# Dfw Texas seeking leopard tortoise



## Lalaruth (Jun 25, 2017)

would like to buy or adopt leopard tortoise or two not necessarily a hatching but rather an established young one or adult. I have a large backyard fully enclosed , escape proof full of large vegetation .... a turtle haven please e mail with photos!!!! If you know a breeder please let me know.... thanks


----------



## Lalaruth (Jun 25, 2017)

seeking two leopard tortoises or single one any age preferable grown one please email me with photos .... willing to travel 100 miles radius to pick up... thanks


----------



## Lalaruth (Jun 25, 2017)

sarahsarah said:


> I have exactly what you want and I am willing to let it go at an affordable prices. Contact me for more info




Looking for older tortoise maybe a yearling or older preferably a pair I am in NorthTexas


----------



## Grandpa Turtle 144 (Jun 25, 2017)

Hi 
Dogs and cats do great in pairs ! But torts are happier in trio's 2 girls and a boy !


----------



## Lalaruth (Jun 26, 2017)

Lalaruth said:


> seeking two leopard tortoises or single one any age preferable grown one please email me with photos .... willing to travel 100 miles radius to pick up... thanks





Grandpa Turtle 144 said:


> Hi
> Dogs and cats do great in pairs ! But torts are happier in trio's 2 girls and a boy !
> View attachment 211203


. 


Thanks!!!! I really appreciate it ... by the way have you heard about Tortoises For Sale in Facebook ??? Was wondering if they were legit .... do you know of them? Some of the pics they posted had newspaper with print from a foreign country do it looked like either a foreign outfit or a paste up (fake) website...do you know ? They say they are in Maryland which is climate wise really not ideal for turtle breeding unless it's all indoor .....


----------



## Grandpa Turtle 144 (Jun 26, 2017)

Lalaruth said:


> .
> 
> 
> Thanks!!!! I really appreciate it ... by the way have you heard about Tortoises For Sale in Facebook ??? Was wondering if they were legit .... do you know of them? Some of the pics they posted had newspaper with print from a foreign country do it looked like either a foreign outfit or a paste up (fake) website...do you know ? They say they are in Maryland which is climate wise really not ideal for turtle breeding unless it's all indoor .....


Don't save a few dollars to buy from other places , and spend more on vet bills ! Invest your hard earned money and buy from the members on the TFO you'll be happier and get better services and torts !


----------



## Cowboy_Ken (Jun 26, 2017)

Lalaruth said:


> They say they are in Maryland which is climate wise really not ideal for turtle breeding unless it's all indoor .....

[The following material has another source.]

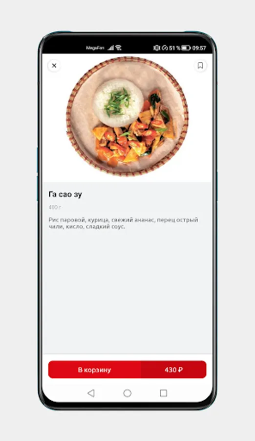 • Kom ranka with chicken on a rice and vegetable pillow;

 Greetings and welcome to the forum of tortoise and turtle truth. Not to be confused with most other infor-mation out there on the internet. 
We have many breeders of and keepers of, leopard tortoises here. I've got a 6 month old here from a member on the forum. Here is a picture of Shabelle a week or two ago.

read in the for sale/adoption section for leopard tortoises for sale and also actively read the leopard tortoise section and you may luck out.


----------



## Lalaruth (Jun 26, 2017)

Cowboy_Ken said:


> Greetings and welcome to the forum of tortoise and turtle truth. Not to be confused with most other infor-mation out there on the internet.
> We have many breeders of and keepers of, leopard tortoises here. I've got a 6 month old here from a member on the forum. Here is a picture of Shabelle a week or two ago.
> View attachment 211204
> read in the for sale/adoption section for leopard tortoises for sale and also actively read the leopard tortoise section and you may luck out.

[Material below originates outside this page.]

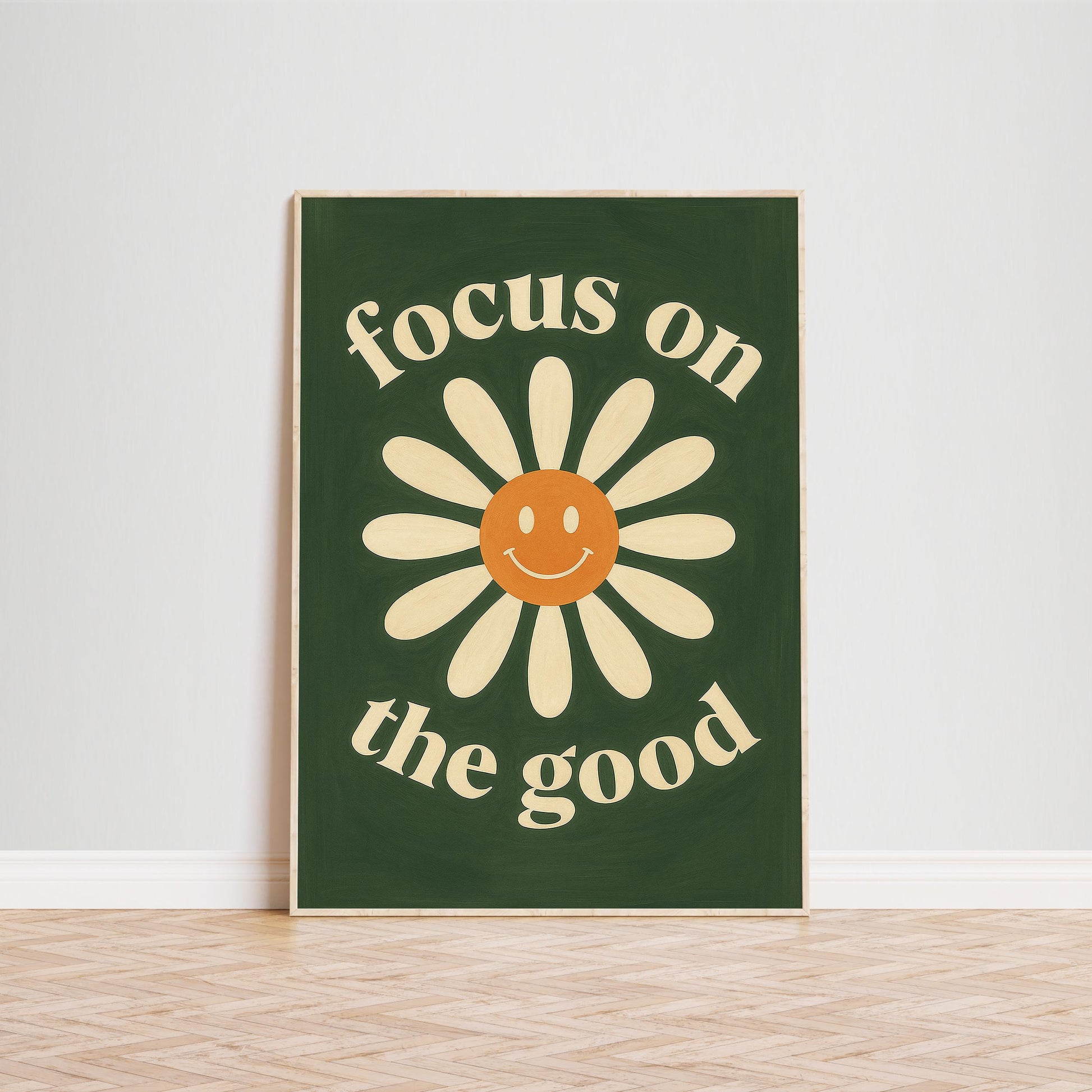 Retro Flower Poster – Motivational Wall Art With Smiley Daisy & Vintage Typography

I'm new to this site..... Forgive my apparent naïveté... who did you buy from?


----------



## Lalaruth (Jun 26, 2017)

Grandpa Turtle 144 said:


> Don't save a few dollars to buy from other places , and spend more on vet bills ! Invest your hard earned money and buy from the members on the TFO you'll be happier and get better services and torts !




Do you have any person in mind that I should inquire from???


----------



## Grandpa Turtle 144 (Jun 26, 2017)

Lalaruth said:


> Do you have any person in mind that I should inquire from???


No but you check out the for sale section and check out the leopard section ! Good luck on your search! You will meet a lot of nice people .


----------



## Cowboy_Ken (Jun 26, 2017)

Lalaruth said:


> I'm new to this site..... Forgive my apparent naïveté... who did you buy from?


I purchased my sweat baby from Jodie here on the forum. Also you could check @Tom he may have some. More than likely they will only have hatchlings though.


----------



## Cowboy_Ken (Jun 26, 2017)

Lalaruth said:


> I'm new to this site...who did you buy from?


The reason hatchlings are more common for sale than older, more established ones I'd figure is because those with older ones want to hang on to them for breeding stock to continue making and selling hatchlings.


----------